The last close call was in 1962, while he was cowboying on Boulder Creek with Red Mathisen. A storm was fast approaching, so the two men kicked their horses into a lope and headed across McDowell Flat toward the protection of the timber. But Max never made it to the trees. As the hailstorm turned the ground white, a fiery lightning bolt struck hard, knocking Max and horse Nummy to the ground. Though Red was riding right beside Max, he was left untouched and went to get help. The rescue crew observed later that Max, in his semi-conscious state, had dragged himself through the hail and caught his horse.
They gathered him up and hauled him back to his home in Pinedale, where he spent the next five days in bed. "The lightning has affected my equilibrium, and now I have trouble when I climb up on a high place, like digging hay on top a stack. Sometimes I have to sit down for a few minutes."

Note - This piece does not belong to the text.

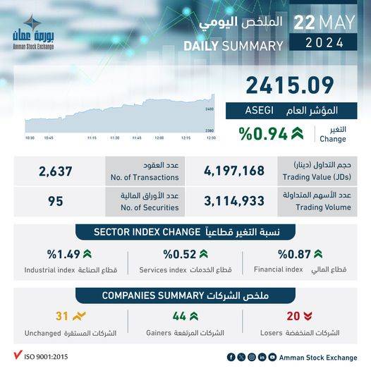 بلغ حجم التداول الإجمالي ليوم الأربعاء 22/05/2024 حوالي (4.2) مليون دينار وعدد الأسهم المتداولة (3.1) مليون سهم، نفذت من خلال (2,637) عقداً.

Interestingly, Max says Nummy had always been hard to catch and was goosey and unpredictable, but after being struck down, he became a changed horse. "The lightning totally changed his personality, and the rascal became a better horse all the way around," Max said, grinning and slapping his knee with his big, bear paw hand.
Max and Dorothy are devout members of Pinedale's LDS Church. They enjoy their family and eight grandkids, and Max still helps out at some of the area ranches. The Orgills own property and a little "bunkhouse" on Pole Creek, where Max and his purty-eyed cowdog Bups go each day to feed the "caretaker" cat and ride his daughter's saddle horse. And once in a while, Max can be talked into playing a classical tune on his violin - as is this cowboy's way.